Open ghost opened 6 years ago

ghost commented 6 years ago

Description

@ageitgey, I am working with your module using django and need to store the face-encodings in a database field to optimize comparison. I used a character field and converted it to both numpy array and list before comparing, but had issues comparing the face encodings retrieved from database with the one created from an image. Any advice?

Was getting error ufunc 'subtract' did not contain a loop with signature matching types dtype('<U1848') dtype('<U1848') dtype('<U1848')

i printed both face encodings (from database and from image) and they looked alike and were of the same type, i also changed the types to lists and numpy arrays yet it did not work. Did alot of crazy stuff including list comprehension and regex just to hack up a solution. My guess is probably the difference in shape of the matrix because each data in both matrices were of type float and looked alike.

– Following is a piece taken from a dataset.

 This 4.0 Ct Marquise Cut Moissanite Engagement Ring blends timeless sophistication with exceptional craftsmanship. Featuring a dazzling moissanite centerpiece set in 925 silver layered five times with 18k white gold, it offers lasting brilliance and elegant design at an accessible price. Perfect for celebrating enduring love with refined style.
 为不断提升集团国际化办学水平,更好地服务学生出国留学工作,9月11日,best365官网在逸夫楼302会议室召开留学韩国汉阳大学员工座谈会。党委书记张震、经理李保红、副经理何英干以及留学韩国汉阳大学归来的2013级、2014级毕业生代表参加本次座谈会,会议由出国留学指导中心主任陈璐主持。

ghost commented 6 years ago

Any help will be appreciated. I am completely clueless

starlai21 commented 6 years ago

I was using sqlalchemy, there is a type named "PickleType", you can store the encodings in this type.

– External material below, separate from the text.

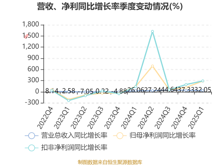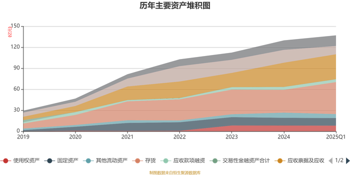资产重大变化方面,截至2025年一季度末,公司存货较上年末增加40.16%,占公司总资产比重上升8.25个百分点;货币资金较上年末减少35.27%,占公司总资产比重下降5.47个百分点;其他流动资产较上年末减少22.69%,占公司总资产比重下降1.51个百分点;应收票据及应收账款较上年末增加2.77%,占公司总资产比重下降0.69个百分点。

ghost commented 6 years ago

Thanks. I will try it out. Will get back to you guys

AndreWicked commented 6 years ago

It is not necessary to store encodings in the database, you can store them in a file, using a pickle module or json module.

AndreWicked commented 6 years ago

Mini example if you interested:

import cv2
import face_recognition as fr
import pickle
import time

encodingsBox = []
namesBox = []
cap = cv2.VideoCapture(0)
name = input("Please, input your name: ")
time.sleep(1)
while True:
    ret, frame = cap.read()
    if ret == True:
        rgb_frame = cv2.cvtColor(frame, cv2.COLOR_BGR2RGB)
        boxes = fr.face_locations(rgb_frame, model="hog")
        encodings = fr.face_encodings(rgb_frame, boxes)
        for encoding in encodings:
            encodingsBox.append(encoding)
            namesBox.append(name)
    cv2.imshow("Frame", frame)
    if cv2.waitKey(1) == 27 & 0xff:
        break
data = {"encodings": encodingsBox, "names": namesBox}
f = open("encodings.pickle", "wb")
f.write(pickle.dumps(data))
f.close()
print(data)
cap.release()
cv2.destroyAllWindows()
hazxone commented 6 years ago

Thanks @AndreWicked . But if we were to run that code again, will the previous saved faces get overwrite or it will append to the pickle?

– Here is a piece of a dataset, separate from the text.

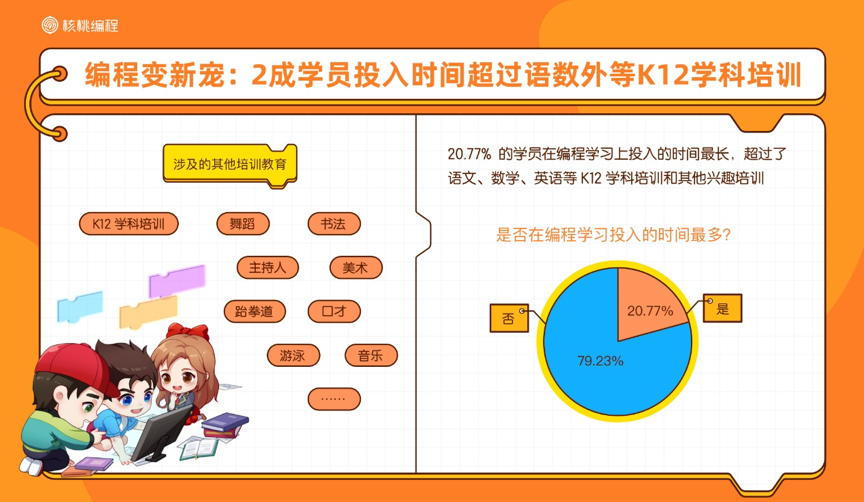 報(bào)告發(fā)現(xiàn),超過(guò)五分之一的學(xué)員在編程學(xué)習(xí)上投入的時(shí)間最長(zhǎng),超過(guò)了語(yǔ)文、數(shù)學(xué)、英語(yǔ)等 K12 學(xué)科培訓(xùn)和其他興趣培訓(xùn)。其中,AI人機(jī)雙師模式可以說(shuō)是2019年整個(gè)在線教育行業(yè)的新發(fā)現(xiàn),核桃編程采用的AI人機(jī)雙師教學(xué)模式,通過(guò)自適應(yīng)的練習(xí)系統(tǒng)和導(dǎo)師輔導(dǎo)實(shí)現(xiàn)大規(guī)模的個(gè)性化教學(xué),同時(shí)配合項(xiàng)目制與劇情化交互體驗(yàn)的新型課程模式,讓學(xué)生們可以在學(xué)習(xí)編程的過(guò)程兼顧興趣和效率。

AndreWicked commented 6 years ago

Yes, they will be rewritten, to avoid this, you must first to load them, a small example:

data = pickle.loads(open("encodings.pickle", "rb").read())
encodingsBox = data["encodings"]
namesBox = data["names"]
Pepepy commented 6 years ago

Effectively, you can save the data encapsulated with 'pickle', in a field type 'Bold' of your database and when you need to read it again normally unzipping it with Pickle.

from pickle import loads, dumps

To save it in your 'Bold' field you can use: 'dumps (Image_face_encoding)' And then read it with: 'loads (YOURDATA)'

In this way you will not overwrite the data, save it in your database and access it in the way that best suits you Excuse me for my English ;)

ghost commented 6 years ago

Thanks alot sir. It is a final year project so i am forced to use a database and i need to cache that row in the database to increase speed when the row is accessed even if its unnecessary just to impress. So any example of storing it in a database , i heard of modules like django-matrix-field and django-numpy, can they help?

ghost commented 6 years ago

Each face is added and the encoding generated and stored in face-print row in database from admin side when the user is created. I just need to fetch it and compare to identify the face via browser as a who-is-this feature just like that of the web-service example done with flask and in real time from face-print row in user data.